All non exempt perquisites and BIKs are now liable to income tax, PRSI and the Health Levy under the PAYE system. They are also liable to employer's PRSI which has resulted in a significant overall increase in the gross cost of paying non-pecuniary remuneration compared to the position which existed a few years back.

A number of perquisites and BIKs which are exempt from tax include small benefits (up to €250 p.a.), car parking, certain canteen facilities, on business premises accommodation, travel passes, employer owned/operated creche facilities and equipment (mobile phones, computers, broadband connections) where homes use is incidental to business use. In addition to these exemptions, you should consider whether any exemptions or reliefs are available against normal pay e.g. statutory redundancy payments and the seafarers allowance but remember that the foreign earnings deduction was abolished from 31 December 2003.

Termination Payments Section 123 deals with non-contractual payments made in connection with the termination of the holding of an office or employment or for any changes in its functions or emoluments, which would not otherwise be chargeable to tax.

Understanding the distinction between amounts which are taxable under this section (non-contractual) and amounts which are taxable under the principle Schedule E charging provisions referred to previously (based on contractual obligations) is fundamentally important because the exemptions and reliefs that are set out in Section 201 and Schedule 3, TCA 1997 are only available if the income is taxable under Section 123. An uncapped exemption applies to payments for individuals whose employment has been unfortunately terminated on account of death, injury or disability whereas other payments are only tax free up to certain limits as defined.

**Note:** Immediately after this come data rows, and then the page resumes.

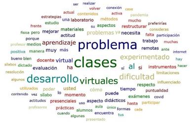 Se puede observar en la figura 1 que la palabra con mayor empleo en las entrevistas realizadas es: problema, clases, desarrollo, virtuales, aprendizaje que ordenándolas podemos decir que se evidencia un problema o dificultad en el desarrollo de las clases virtuales y se ve reflejado en las respuestas de los entrevistados.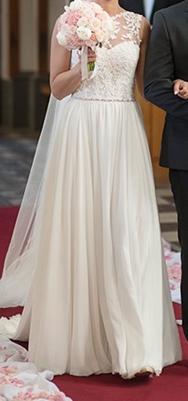 Suknia jest długa, posiada dopinany tren. ( muslinowy materiał, nie powoduje powstania "kuperka" przy upiętym trenie.)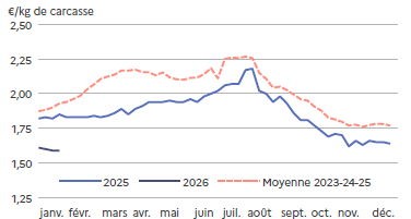 En ce début d’année 2026, les abattages régionaux de porcs charcutiers reculent de 8,5 % en poids par rapport à janvier 2025, affichant également un retrait de plus de 11 % à la moyenne triennale 2023-24-25. Dans le même temps, la cotation du porc charcutier poursuit sa baisse amorcée en 2025, et affiche en janvier une valeur inférieure de 14 % à celle janvier 2025. En janvier 2026, les abattages de volailles sont en baisse générale. Les abattages de poulets sont nettement inférieurs à janvier 2025 (−12,5 % en poids et −16,6 % en nombre). Mais ils restent néanmoins assez proches de la valeur triennale 2023-24-25, avec un retrait plus faible de 2,9 %. Les abattages de canards sont stables sur un an. Tandis que les abattages d’oies affichent une forte baisse de 18,3 % par rapport à janvier 2025. Le prix du foie gras reste stable à hauteur de 36 € HT/kg.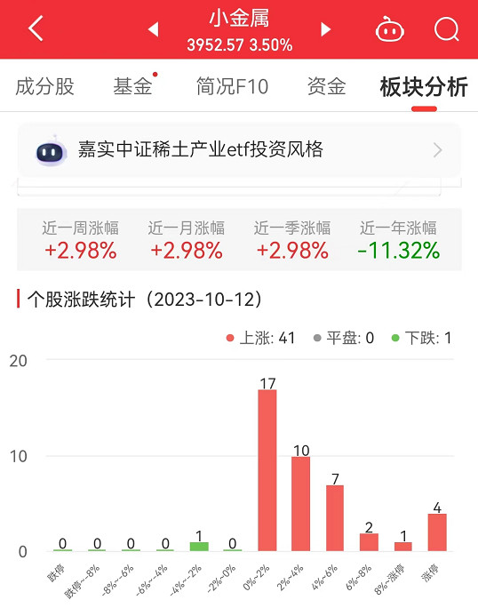 中国经济网北京10月12日讯 今日,小金属板块整体涨幅3.50%,其中,41只股票上涨,0只股票平盘,1只股票下跌。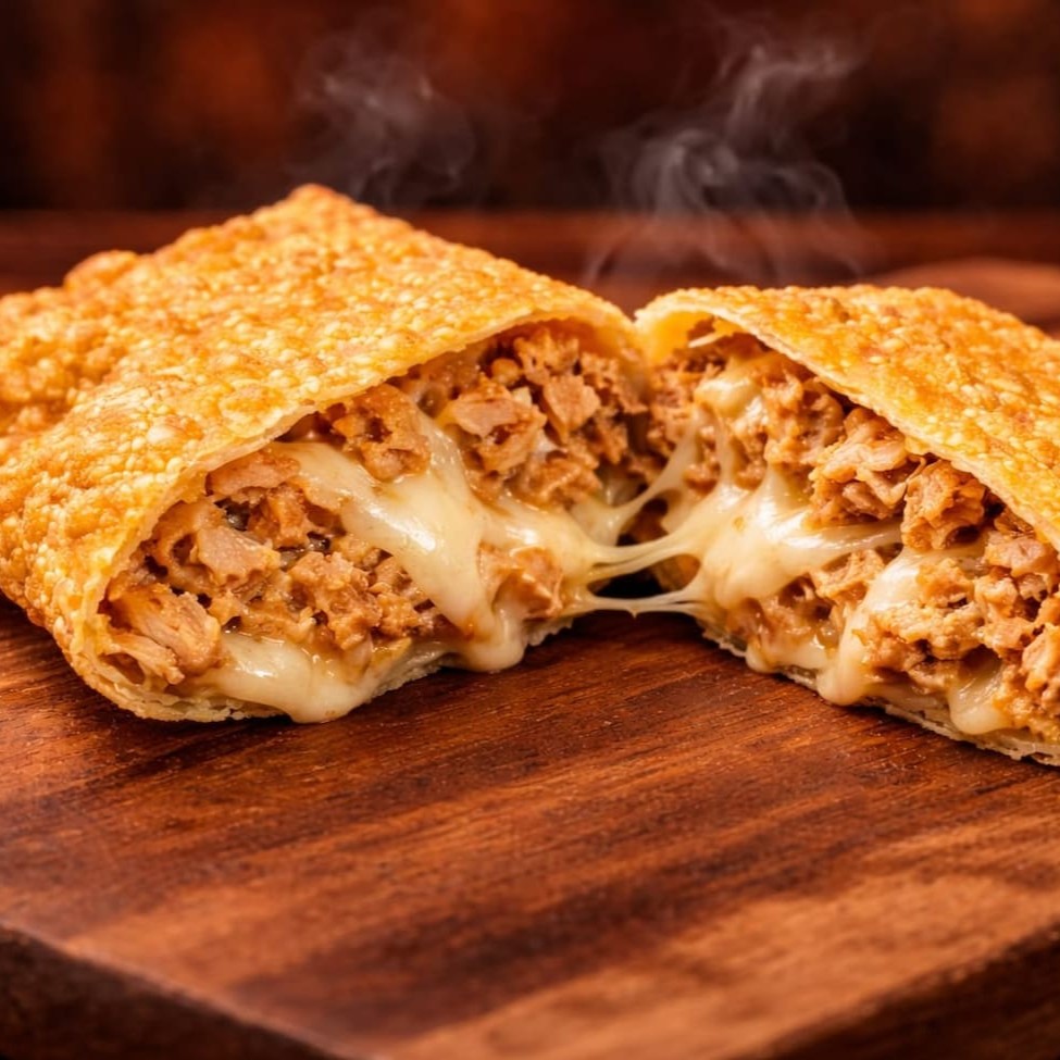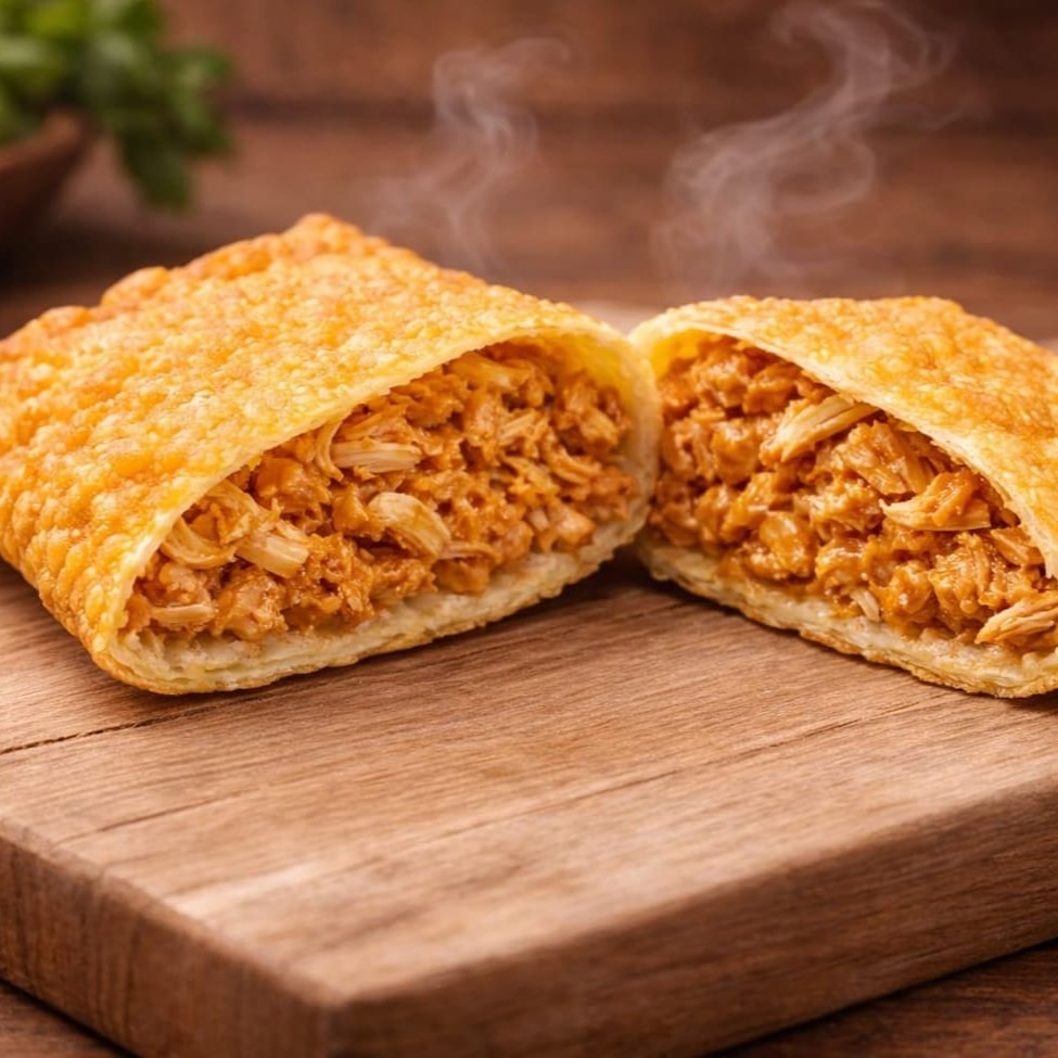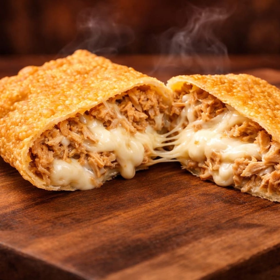 Pastel grande de 20cm, com frango desfiado bem temperado e Catupiry cremoso, em massa crocante e sequinha. Acompanha complementos grátis. Feito na hora!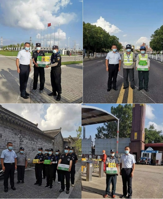 自7月20日南京禄口机场疫情爆发以来,泰州平安保安服务有限公司积极响应、全面动员,对各网点出入车辆和货物进行全面消毒,出入人员行进行体温检测、查看行程码、健康码等。正值三伏季节持续高温,泰州平安保安服务有限公司领导层干部常深入到各服务网点看望一线保安人员,提醒自身做好防疫,坚守自己的岗位,针对各自的实际情况做好安保工作,并发防暑降温用品。

Share Options Under Section 128, an employee will also be taxable under Schedule E on any gains realised from exercising a right to acquire assets (usually shares) at a less than full market value price. Important issues which are often forgotten include the following:-

- Income tax may be payable at the time the option is granted if the option period exceeds 7 years. - The employee is personally responsible to pay the income tax not later than 30 days after the date on which the right is exercised. - Certain individuals may well be carrying forward gains, which they were allowed to defer under previous legislation, but which will be crystallised after 7 years or, if earlier, when the shares are sold. - The income tax computation will need to be revisited if circumstances change and an employee is allowed to sell the shares before the end of clog period specified in any original Revenue approved abatement claim. - While there may well be an opportunity to improve overall tax efficiency under a variety of Revenue approved schemes (e.g. profit sharing schemes, share option scheme, SAYE schemes) it is fair to say that their general take-up have been quite slow within privately held companies (although quite popular within plcs and public sector companies), for the following reasons:- - Generally more costly to establish and to administer. - Employers will not obtain Revenue approval if they only wish to extend share ownership to the most senior personnel., - There is a requirement that the share price must be struck at an amount which is at or near the market value of the shares at the date of the right is granted, which may act as a disincentive to certain participants who in privately owned companies do not foresee any obvious market for their shares

Conclusion

As you will see from the above brief remarks, the taxation of Schedule E remuneration is deceptively complex and generally not greatly understood by employers or wage earners alike. There is therefore ample opportunity for the well versed accountant to impress a client by improving his net income or at the very least ensuring that he only pays the correct amount of tax due.